I know that this question has already been asked, but date of sending solutions passed (30th Sep), so this part of contest is inactive.

$$|(ax+by)(ay+bx)|\le x^2+y^2$$ $$|ab(x^2+y^2)+xy(a^2+b^2)| \le x^2+y^2$$ $$|k(a^2+b^2)+ab| \le 1$$ where $k=\frac{xy}{x^2+y^2}$

$-\frac12\le k \le \frac12$ since $x^2+y^2\ge \pm 2xy$

Then I tried to treat left hand side as quadratic, but it did not lead to anything useful. On the other hand from https://www.desmos.com/calculator/ljmcqbpobn it follows that there are $a,b$ s.t $a^2+b^2>2$, so I guess there are some mistakes in my approach.

Answer 1

For $x=y=1$: $(a+b)^2\le 2$, so $a^2+b^2+2ab\le 2$.

For $x=1$ and $y=-1$: $(a-b)^2\le 2$, so $a^2+b^2-2ab\le 2$.

$$a^2+b^2=\frac{(a^2+b^2+2ab)+(a^2+b^2-2ab)}{2}\le\frac{2+2}{2}=2.$$

Answer 2

(Using your approach) You're real close.

Show that if $ a^2 + b^2 > 2$, then we can find some $ k$ in that range such that $|k (a^2 + b^2) + ab| > 1$, which is a contradiction.
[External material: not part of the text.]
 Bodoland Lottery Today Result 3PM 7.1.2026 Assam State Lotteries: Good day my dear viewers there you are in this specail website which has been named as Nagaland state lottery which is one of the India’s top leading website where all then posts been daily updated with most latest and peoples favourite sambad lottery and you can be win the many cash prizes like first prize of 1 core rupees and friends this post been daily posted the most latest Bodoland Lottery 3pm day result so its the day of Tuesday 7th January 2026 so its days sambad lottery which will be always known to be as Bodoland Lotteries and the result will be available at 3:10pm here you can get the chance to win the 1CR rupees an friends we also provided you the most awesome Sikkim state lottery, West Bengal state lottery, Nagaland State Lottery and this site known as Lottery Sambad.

Thus $ a^2 + b^2 \leq 2$.

Hint:

It might be helpful to separately consider cases of $ ab \geq 0, ab < 0$.

Answer 3

I will write a separate answer because I think you misunderstood the problem and therefore cannot benefit from the solutions.
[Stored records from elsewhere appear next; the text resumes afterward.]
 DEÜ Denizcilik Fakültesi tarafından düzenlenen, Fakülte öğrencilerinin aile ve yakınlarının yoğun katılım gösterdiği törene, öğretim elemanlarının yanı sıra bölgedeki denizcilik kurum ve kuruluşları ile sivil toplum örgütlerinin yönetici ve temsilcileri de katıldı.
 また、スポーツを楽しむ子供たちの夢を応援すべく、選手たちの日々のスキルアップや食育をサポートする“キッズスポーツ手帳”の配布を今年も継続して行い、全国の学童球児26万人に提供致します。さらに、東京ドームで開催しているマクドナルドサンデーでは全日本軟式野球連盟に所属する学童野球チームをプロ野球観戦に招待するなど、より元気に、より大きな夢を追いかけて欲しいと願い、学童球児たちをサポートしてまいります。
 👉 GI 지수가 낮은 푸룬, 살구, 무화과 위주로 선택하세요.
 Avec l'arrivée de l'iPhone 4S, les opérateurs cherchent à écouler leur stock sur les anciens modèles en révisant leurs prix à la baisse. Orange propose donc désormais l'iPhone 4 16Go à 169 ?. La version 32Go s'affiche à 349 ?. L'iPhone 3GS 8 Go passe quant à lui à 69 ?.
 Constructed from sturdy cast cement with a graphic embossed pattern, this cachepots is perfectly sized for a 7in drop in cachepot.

You don't have to prove anything for all $x,y$. Instead you are told in advance that the inequality holds for all $x,y$ and you have to deduce something about $a,b$. If you can deduce all you need by only looking at two pairs of $x,y$ then, so to speak, you already win.

To give a hugely oversimplified example, consider the following problem:

Suppose that for all $x$ we have $ax^2\geq 0$. Prove that $a\geq 0$.

Of course you can make some argument that takes into account all values of $x$, but it is easier to say: if it holds for all $x$ then it holds in particular for $x=1$, and therefore $a\cdot 1\geq 0$, so we are done. Someone else could come and ask you also to plug in $x=2$ and $x=3$ but all you would get is $4a\geq 0$ and $9a\geq 0$, which you already know.

It is the same with the OM problem. If you can prove all you need by testing only two pairs $(x,y)$, good for you.